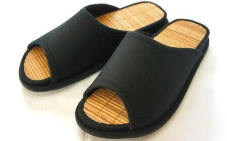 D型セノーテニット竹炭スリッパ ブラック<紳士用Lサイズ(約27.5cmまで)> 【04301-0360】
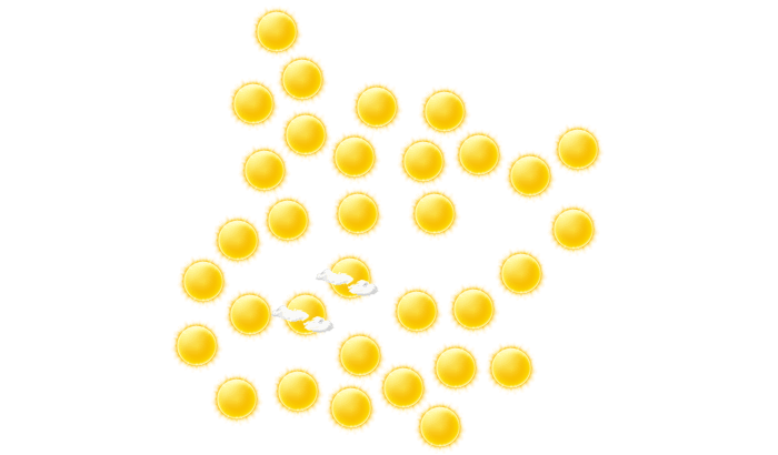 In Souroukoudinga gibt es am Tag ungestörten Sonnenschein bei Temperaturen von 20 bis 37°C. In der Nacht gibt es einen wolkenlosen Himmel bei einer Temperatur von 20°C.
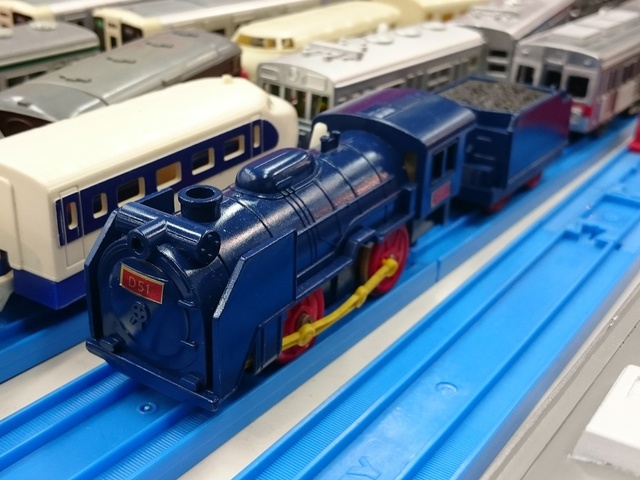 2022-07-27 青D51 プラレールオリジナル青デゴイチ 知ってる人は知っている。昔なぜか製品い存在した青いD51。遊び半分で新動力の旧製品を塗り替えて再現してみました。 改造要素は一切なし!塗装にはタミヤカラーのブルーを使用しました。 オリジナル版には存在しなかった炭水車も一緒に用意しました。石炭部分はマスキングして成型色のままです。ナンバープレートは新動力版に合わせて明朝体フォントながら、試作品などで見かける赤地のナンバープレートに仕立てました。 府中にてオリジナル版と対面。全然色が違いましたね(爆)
● ● ● ● ●
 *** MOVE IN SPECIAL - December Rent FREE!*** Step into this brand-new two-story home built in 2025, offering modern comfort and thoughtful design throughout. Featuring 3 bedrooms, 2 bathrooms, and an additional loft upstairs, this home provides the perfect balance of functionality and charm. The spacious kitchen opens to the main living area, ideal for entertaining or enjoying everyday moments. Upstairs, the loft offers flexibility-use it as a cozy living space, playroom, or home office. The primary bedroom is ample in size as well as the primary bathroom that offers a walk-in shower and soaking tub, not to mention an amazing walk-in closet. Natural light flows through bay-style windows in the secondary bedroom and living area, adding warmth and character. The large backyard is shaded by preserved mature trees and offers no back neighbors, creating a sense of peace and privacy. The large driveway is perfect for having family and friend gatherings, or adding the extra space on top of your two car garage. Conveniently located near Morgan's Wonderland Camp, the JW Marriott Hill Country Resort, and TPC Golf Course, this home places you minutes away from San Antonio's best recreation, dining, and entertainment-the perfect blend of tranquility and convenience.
● ● ● ● ●
* **TASK DETAILS**
Each line above from the one containing "D型セノーテニット竹炭スリッパ ブラック<紳士用Lサイズ(約27.5cmまで)> 【04301-0360】" through the one containing "In Souroukoudinga gibt" is to be returned verbatim. Nothing else, and no pictures.

* **EXERCISE RESPONSE**
 D型セノーテニット竹炭スリッパ ブラック<紳士用Lサイズ(約27.5cmまで)> 【04301-0360】
 In Souroukoudinga gibt es am Tag ungestörten Sonnenschein bei Temperaturen von 20 bis 37°C. In der Nacht gibt es einen wolkenlosen Himmel bei einer Temperatur von 20°C.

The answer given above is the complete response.